Design and application of species-specific primers to Quercus cerris roots' identification in urban forests.

Accurate species identification, the first crucial step for effective root studies, is a time-demanding, experience-based and error-prone process. Molecular methods are therefore needed to ensure this process, especially in urban settings where root sampling is challenging. Here, we developed a novel molecular method for root identification in complex environments. Specifically, we focused on detecting Quercus cerris-a species common in European cities and non-urban areas and used in afforestation-from bulk root samples, including those collected non-invasively. To achieve this, we conducted the first comprehensive analysis of candidate DNA regions to discriminate among Quercus species. Among the candidate sequences tested, ITS and ITS2 showed the highest discriminatory power compared to commonly used barcodes such as matK, psbA-trnH, rbcL, rpoC1, trnL-trnF. Based on this results, we designed specific primers to target ITS and ITS2 and we developed a PCR-based protocol capable of reliability and specificity detecting Q. cerris within mixed Quercus root samples.

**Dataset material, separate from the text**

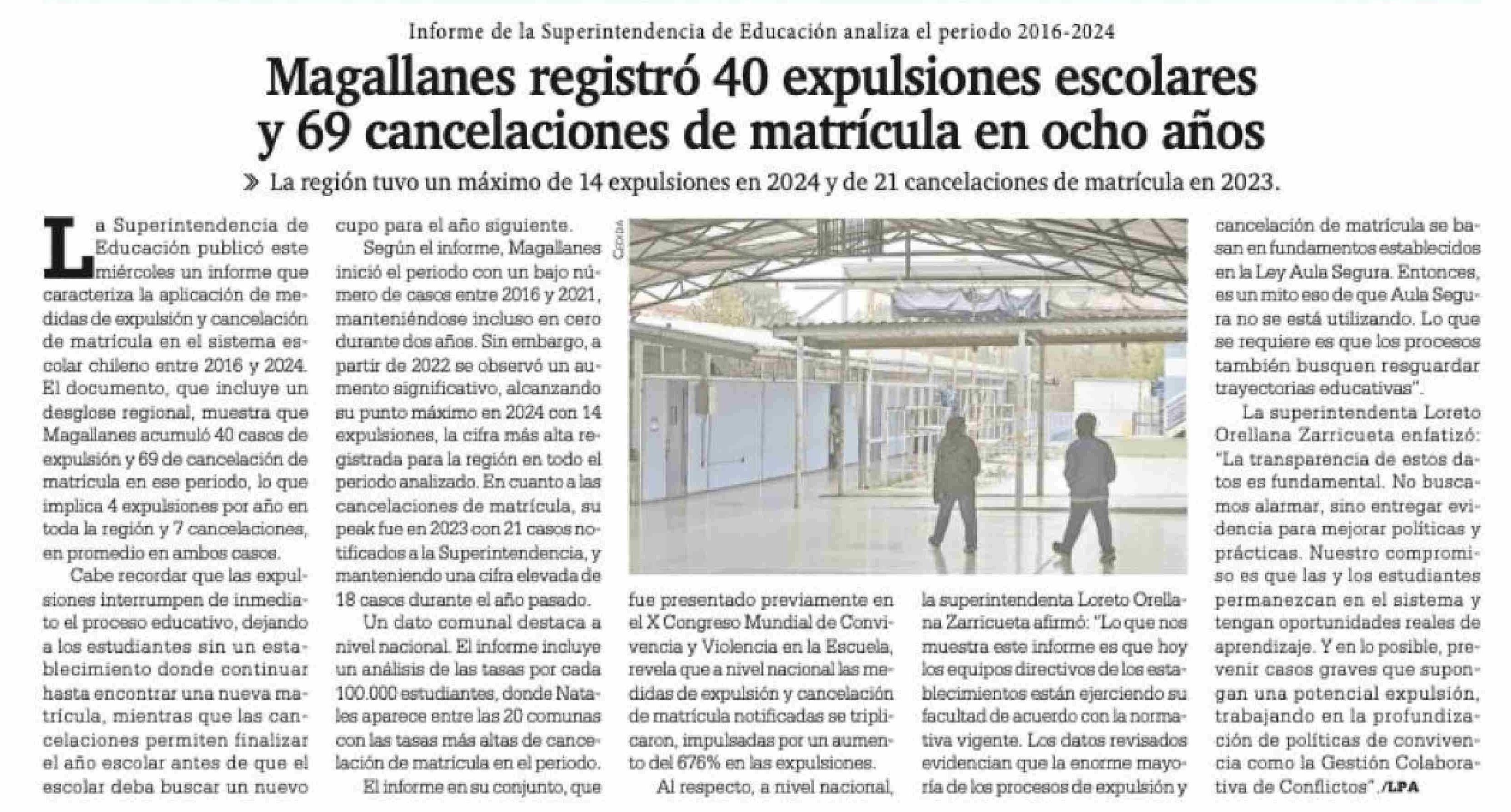 | Título: | Magallanes registró 40 expulsiones escolares y 69 cancelaciones de matrícula en ocho años |

This method was then successfully applied to root bulk samples collected via excavation and non-invasive soil coring in the urban area of Campobasso (central Italy), with results validated through traditional identification techniques. The outcome is a novel, rapid, low-cost, and non-invasive molecular approach for monitoring Q. cerris roots. More broadly, this tool enable in situ root identification and mapping which support the study of root functioning and dynamics in ecosystems and is particularly valuable in challenging urban environments.